The Charcoal Sovereign
by Steve Toase
Jamie found the book in our second year at art school. I remember this because he never made it to the third.
We were living in a shared house in the center of town, the type of place where everyone felt sleepy when the gas stove was turned on, and the windows had a constant film of condensation apart from winter when the condensation turned to ice. My parents paid the rent so at least we had the place to ourselves.
College was a half-hour bus ride and we both did most of our work at home, either in our neighboring rooms, or in the shared living room. Lack of space was the reason Jamie found the book. Lack of space was the reason Jamie never finished his degree.
The house was haunted but only by the spectres Jamie carried behind his eyes. I never asked what happened before we met that first morning in the studio at the college, but I knew that everything he did was trying to give the ghosts a new home in canvas and chalk and oils, but they never left him. No matter what damage he carried, he was kind and gentle, and if he was quiet sometimes, he was always companionable.
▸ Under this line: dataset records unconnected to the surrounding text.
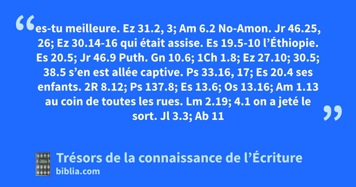es-tu meilleure. Ez 31.2, 3; Am 6.2 No-Amon. Jr 46.25, 26; Ez 30.14-16 qui était assise. Es 19.5-10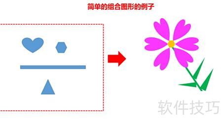 另一个简单的图形组合示例,只需通过插入→图形→拉伸、形状填充操作即可实现,效果所示。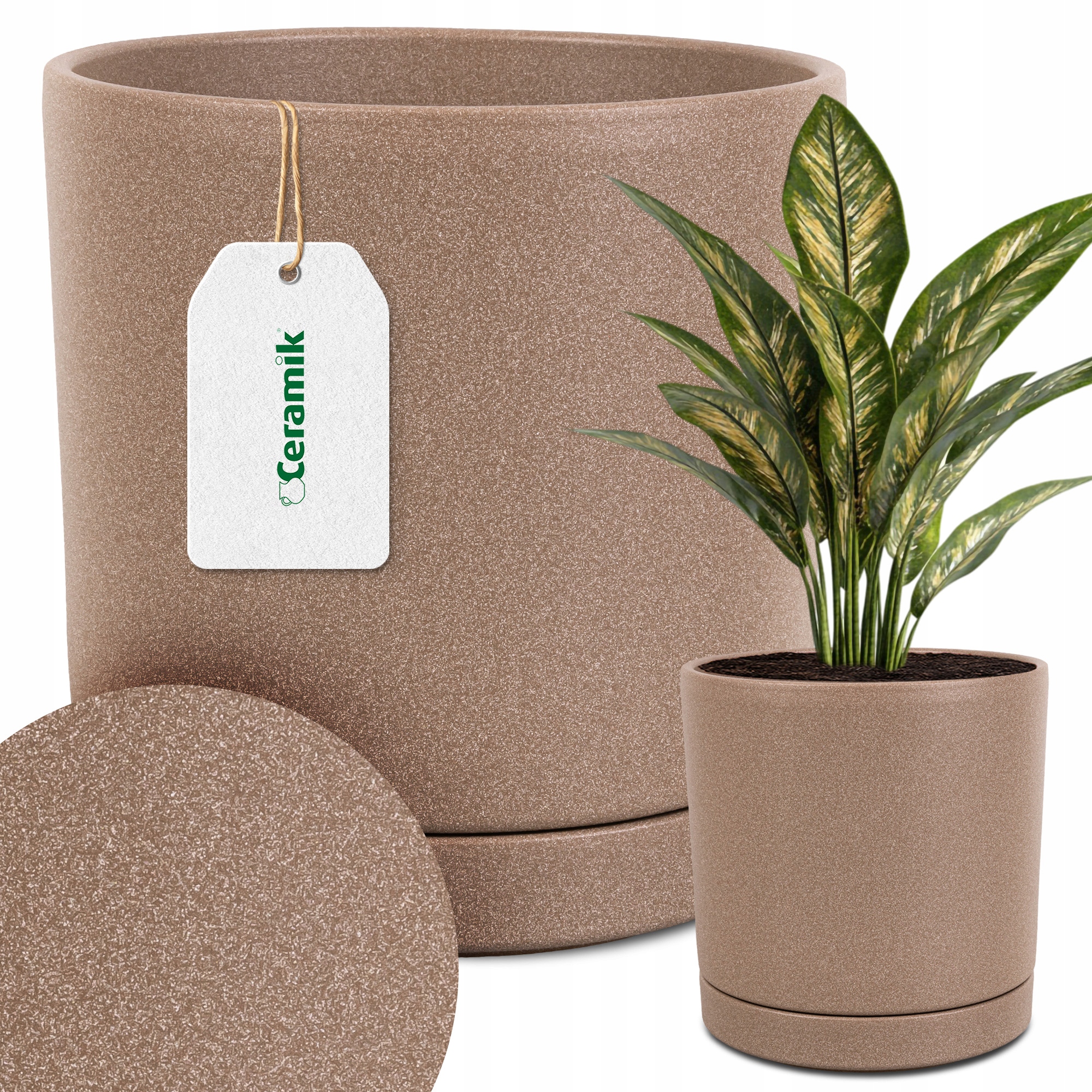 - Ми особливо рекомендуємо цю модель для любителів невеликих і середніх рослин, таких як сукуленти, маранта, диффенбахія, аглаонема або калатея в багатьох сортах. Їх різноманітні форми та кольори ідеально контрастують із матовою поверхнею горщика з кварцу, створюючи привабливу внутрішню прикрасу.

He was also very fucking talented.
By the time we were living together, I’d discovered photography, and Jamie became one of my main models. He always joked that I was trying to capture his soul. Nothing I shot was as soulful as what he could conjure from a few lines on a piece of old canvas. I use the word conjure intentionally, because there was magic in the way he saw the world. The problem was, there are different types of magic, and the one that took hold of him was not beautiful or delicate or transformative, but consuming and cancerous and ravenous.
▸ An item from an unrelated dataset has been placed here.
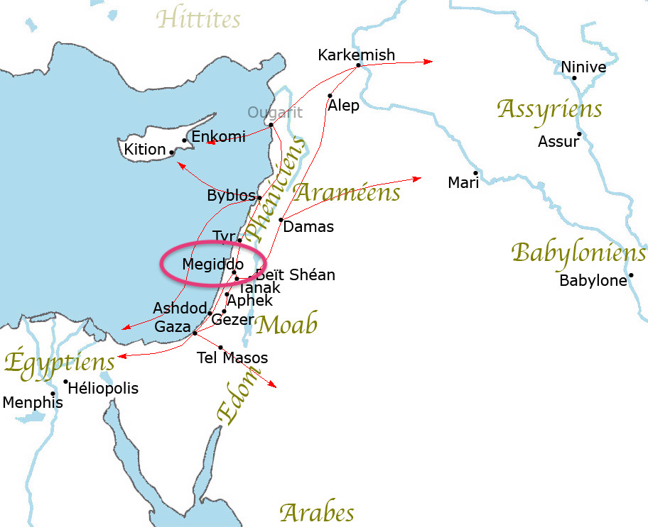 Rappelez-vous de la situation d’Israël en Canaan : prise en étau entre un géant au sud qui est l’Égypte (en jaune) et les géants venant du nord que sont l’Assyrie (en violet) et Babylone (en vert). Tous veulent imposer leur suzeraineté à tous les royaumes alentours, ici nous voyons que l’Égypte a eu l’habitude de contrôler ce précieux couloir routier.

“I’m going to go up there,” he said one evening as we sat in the front room, sharing a bottle of cheap sherry and the last of a spliff made from the last of the spliffs we’d salvaged from the ashtray. It took me a moment to realize he’d spoken and a moment longer to realize he’d spoken to me.
“Going up where?” I said, the candlelight in the room blurred his face. Or maybe it was the sherry. Everything back then feels like soft focus.
“Up into the attic. I reckon it’s big enough to use to paint in. Maybe even set up as a studio.”
“Reclaim the front room?” I said, passing him the last of the joint. He shook his head and I took the last few drags, stopping when I tasted the charring of cardboard.
I’m not sure how long he was gone. Maybe thirty minutes. Maybe three hours. I was ignoring time because everything seemed to last too long back then. When you’re a student there’s always too much time.
He reappeared covered in dust, carrying an old cardboard box.
“Any joy?” I said.
“The floor’s not boarded out, and the roof is a bit low. But I found these books.”
He put it down in the middle of the room, sliding his hands out from underneath.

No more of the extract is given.